Depending on your workload, you might want to change the base backoff value to a few tens or hundreds of milliseconds for latency-sensitive workloads.

Backoff logic sample 2: PHPRedis

PHPRedis has a built-in retry mechanism that retries a (non-configurable) maximum of 10 times. There is a configurable delay between tries (with a jitter from the second retry onwards). We’ve submitted a pull request to natively implement exponential backoff in PHPredis (#1986) that has since been merged and documented. For those on the latest release of PHPRedis, it won’t be necessary to implement manually but we’ve included the reference here for those on previous versions. For now, the following is a code example that configures the delay of the retry mechanism:

$timeout = 2; // 2 seconds connection timeout
$retry_interval = 1000; // 1000 millisecond retry interval
$client = new Redis();
if($client->pconnect($HOST, $PORT, $timeout, NULL, $retry_interval) != TRUE){
    return; // ERROR: connection failed
}
$client->set($key, $value);

Tune the connection timeout and retry intervals based on your application needs.
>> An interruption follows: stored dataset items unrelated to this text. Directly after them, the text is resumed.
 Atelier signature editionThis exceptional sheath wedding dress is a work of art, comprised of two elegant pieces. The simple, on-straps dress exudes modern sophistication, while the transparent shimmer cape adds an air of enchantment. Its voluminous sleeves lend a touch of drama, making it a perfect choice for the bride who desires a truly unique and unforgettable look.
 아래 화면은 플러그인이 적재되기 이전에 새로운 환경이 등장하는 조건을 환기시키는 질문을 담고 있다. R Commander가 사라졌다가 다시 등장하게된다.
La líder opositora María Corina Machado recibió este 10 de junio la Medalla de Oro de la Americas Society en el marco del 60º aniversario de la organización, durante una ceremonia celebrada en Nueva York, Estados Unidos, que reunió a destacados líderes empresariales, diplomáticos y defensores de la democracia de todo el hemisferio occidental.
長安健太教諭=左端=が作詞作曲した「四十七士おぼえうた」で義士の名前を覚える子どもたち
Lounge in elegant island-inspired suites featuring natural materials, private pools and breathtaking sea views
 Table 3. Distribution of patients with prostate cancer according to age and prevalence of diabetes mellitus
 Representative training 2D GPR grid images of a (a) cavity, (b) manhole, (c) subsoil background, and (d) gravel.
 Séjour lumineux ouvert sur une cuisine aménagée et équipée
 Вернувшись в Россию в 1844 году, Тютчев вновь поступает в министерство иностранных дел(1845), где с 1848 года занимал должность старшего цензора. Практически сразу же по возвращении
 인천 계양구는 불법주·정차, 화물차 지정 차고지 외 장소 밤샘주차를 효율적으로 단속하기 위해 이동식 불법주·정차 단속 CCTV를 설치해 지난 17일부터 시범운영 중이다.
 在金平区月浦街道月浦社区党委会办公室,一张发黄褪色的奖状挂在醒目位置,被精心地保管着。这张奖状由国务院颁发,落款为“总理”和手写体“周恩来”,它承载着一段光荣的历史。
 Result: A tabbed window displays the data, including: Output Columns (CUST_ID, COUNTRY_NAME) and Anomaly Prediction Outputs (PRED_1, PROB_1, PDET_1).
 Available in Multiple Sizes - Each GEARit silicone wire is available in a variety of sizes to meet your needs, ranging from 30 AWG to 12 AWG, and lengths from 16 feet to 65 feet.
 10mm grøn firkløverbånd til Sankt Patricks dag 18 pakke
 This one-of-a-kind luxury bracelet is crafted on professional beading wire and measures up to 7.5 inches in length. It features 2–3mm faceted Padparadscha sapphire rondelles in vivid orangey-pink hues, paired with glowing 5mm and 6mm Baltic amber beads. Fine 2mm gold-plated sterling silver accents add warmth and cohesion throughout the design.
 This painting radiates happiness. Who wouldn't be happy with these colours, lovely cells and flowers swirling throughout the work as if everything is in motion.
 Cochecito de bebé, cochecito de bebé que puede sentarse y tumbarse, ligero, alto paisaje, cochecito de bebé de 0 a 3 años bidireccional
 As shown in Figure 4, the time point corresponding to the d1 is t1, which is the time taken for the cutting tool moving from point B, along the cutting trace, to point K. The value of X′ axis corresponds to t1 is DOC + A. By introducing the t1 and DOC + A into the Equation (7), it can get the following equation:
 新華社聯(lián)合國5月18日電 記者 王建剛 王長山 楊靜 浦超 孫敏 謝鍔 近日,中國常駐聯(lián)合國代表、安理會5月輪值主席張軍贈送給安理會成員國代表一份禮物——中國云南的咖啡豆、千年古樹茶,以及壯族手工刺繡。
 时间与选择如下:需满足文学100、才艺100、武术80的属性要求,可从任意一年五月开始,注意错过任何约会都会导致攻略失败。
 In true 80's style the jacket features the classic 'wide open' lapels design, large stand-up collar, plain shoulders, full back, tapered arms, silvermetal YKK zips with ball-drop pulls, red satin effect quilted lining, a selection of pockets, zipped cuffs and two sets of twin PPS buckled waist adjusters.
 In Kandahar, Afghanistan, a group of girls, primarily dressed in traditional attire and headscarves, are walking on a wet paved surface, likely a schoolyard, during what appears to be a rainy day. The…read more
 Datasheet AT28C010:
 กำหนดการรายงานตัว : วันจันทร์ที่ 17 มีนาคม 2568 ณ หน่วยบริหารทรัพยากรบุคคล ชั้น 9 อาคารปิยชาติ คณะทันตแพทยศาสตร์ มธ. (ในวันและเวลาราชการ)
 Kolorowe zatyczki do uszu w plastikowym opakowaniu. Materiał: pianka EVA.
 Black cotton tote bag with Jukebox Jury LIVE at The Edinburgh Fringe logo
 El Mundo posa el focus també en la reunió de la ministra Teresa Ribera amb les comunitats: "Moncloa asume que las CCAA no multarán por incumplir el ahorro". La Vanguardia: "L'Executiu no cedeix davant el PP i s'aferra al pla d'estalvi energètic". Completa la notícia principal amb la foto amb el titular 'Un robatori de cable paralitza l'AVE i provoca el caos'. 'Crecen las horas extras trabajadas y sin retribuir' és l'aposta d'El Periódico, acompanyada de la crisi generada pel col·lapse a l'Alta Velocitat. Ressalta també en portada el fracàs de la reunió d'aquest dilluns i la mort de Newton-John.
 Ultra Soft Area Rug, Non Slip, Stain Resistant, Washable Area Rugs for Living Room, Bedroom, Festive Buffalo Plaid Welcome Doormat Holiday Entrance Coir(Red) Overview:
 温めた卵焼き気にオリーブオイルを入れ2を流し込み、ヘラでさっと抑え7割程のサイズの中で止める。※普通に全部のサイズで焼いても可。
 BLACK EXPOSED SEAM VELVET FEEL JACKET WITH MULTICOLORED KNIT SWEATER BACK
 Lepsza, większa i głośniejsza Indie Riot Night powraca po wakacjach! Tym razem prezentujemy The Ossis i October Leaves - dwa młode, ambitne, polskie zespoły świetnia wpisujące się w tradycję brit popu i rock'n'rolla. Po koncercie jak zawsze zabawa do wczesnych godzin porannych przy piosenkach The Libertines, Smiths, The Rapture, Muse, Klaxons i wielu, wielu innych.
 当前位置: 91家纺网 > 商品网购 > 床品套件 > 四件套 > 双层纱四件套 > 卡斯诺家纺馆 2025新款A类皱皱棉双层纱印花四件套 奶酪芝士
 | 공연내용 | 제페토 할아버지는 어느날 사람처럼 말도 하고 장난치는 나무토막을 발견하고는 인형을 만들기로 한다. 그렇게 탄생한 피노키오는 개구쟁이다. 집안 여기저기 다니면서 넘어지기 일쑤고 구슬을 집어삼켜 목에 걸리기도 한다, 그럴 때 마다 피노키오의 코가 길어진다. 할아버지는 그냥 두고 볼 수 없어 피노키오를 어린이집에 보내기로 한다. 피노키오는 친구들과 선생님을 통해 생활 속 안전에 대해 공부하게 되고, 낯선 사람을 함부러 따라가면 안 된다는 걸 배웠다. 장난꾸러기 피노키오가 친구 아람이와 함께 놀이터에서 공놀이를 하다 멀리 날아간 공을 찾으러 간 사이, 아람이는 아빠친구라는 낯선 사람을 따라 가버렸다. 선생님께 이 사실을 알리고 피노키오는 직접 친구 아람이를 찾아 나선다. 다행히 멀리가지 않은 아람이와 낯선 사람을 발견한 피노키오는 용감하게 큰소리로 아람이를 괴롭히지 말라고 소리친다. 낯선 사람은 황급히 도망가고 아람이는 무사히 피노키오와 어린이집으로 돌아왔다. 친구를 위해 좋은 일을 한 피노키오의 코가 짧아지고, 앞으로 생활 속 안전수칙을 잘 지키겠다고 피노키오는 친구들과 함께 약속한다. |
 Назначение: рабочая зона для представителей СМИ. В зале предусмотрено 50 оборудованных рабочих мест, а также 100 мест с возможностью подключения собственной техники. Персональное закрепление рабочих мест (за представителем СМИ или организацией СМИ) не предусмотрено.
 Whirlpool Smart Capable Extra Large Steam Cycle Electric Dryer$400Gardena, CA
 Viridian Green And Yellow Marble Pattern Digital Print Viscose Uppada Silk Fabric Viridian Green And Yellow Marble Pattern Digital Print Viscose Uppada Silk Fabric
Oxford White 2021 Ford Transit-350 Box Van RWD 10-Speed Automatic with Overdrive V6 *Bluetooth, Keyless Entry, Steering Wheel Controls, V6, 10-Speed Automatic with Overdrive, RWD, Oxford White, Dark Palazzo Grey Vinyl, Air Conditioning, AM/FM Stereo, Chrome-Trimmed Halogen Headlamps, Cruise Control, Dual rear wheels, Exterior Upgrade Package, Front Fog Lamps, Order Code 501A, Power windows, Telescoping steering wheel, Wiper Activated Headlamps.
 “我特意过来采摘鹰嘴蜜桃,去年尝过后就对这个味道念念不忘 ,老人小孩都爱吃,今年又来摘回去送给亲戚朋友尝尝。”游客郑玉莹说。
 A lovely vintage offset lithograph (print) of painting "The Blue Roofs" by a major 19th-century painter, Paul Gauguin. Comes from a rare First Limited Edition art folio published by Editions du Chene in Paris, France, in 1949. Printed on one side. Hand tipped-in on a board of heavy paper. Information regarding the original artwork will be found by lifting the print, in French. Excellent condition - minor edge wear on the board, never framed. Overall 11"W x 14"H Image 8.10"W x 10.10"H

Backoff logic sample 3: Lettuce

Lettuce has built-in retry mechanisms based on the exponential backoff strategies described in the post Exponential Backoff and Jitter. The following is a code excerpt showing the full jitter approach:

public static void main(String[] args)
{
    ClientResources resources = null;
    RedisClient client = null;

    try {
        resources = DefaultClientResources.builder()
                .reconnectDelay(Delay.fullJitter(
            Duration.ofSeconds(1),     // minimum 1 second delay
            Duration.ofSeconds(5),      // maximum 5 second delay
            1, TimeUnit.SECONDS) // 1 second base
        ).build();

        client = RedisClient.create(resources, RedisURI.create(HOST, PORT));
        client.setOptions(ClientOptions.builder()
            .socketOptions(SocketOptions.builder().connectTimeout(Duration.ofSeconds(2)).build()) // 2 second connection timeout
            .timeoutOptions(TimeoutOptions.builder().fixedTimeout(Duration.ofSeconds(5)).build()) // 5 second command timeout
            .build());

     // use the connection pool from above example
    } finally {
        if (connection != null) {
            connection.close();
        }

        if (client != null){
            client.shutdown();
        }

        if (resources != null){
            resources.shutdown();
        }

    }
}

Backoff logic sample 4: Valkey GLIDE

Valkey GLIDE implements exponential backoff for connection retries, and is used for handling reconnection attempts when connections fail. The exponential backoff strategy is defined with three key parameters:

factor: The base delay in milliseconds
exponent_base: The exponential growth factor (for example, 2 means the delay doubles with each retry)
number_of_retries: The maximum number of retry attempts with increasing delays

This logic is centralized in the Rust core, and exposed via all client bindings (Java, Go, Node.js, Python). The following is a code sample in Java.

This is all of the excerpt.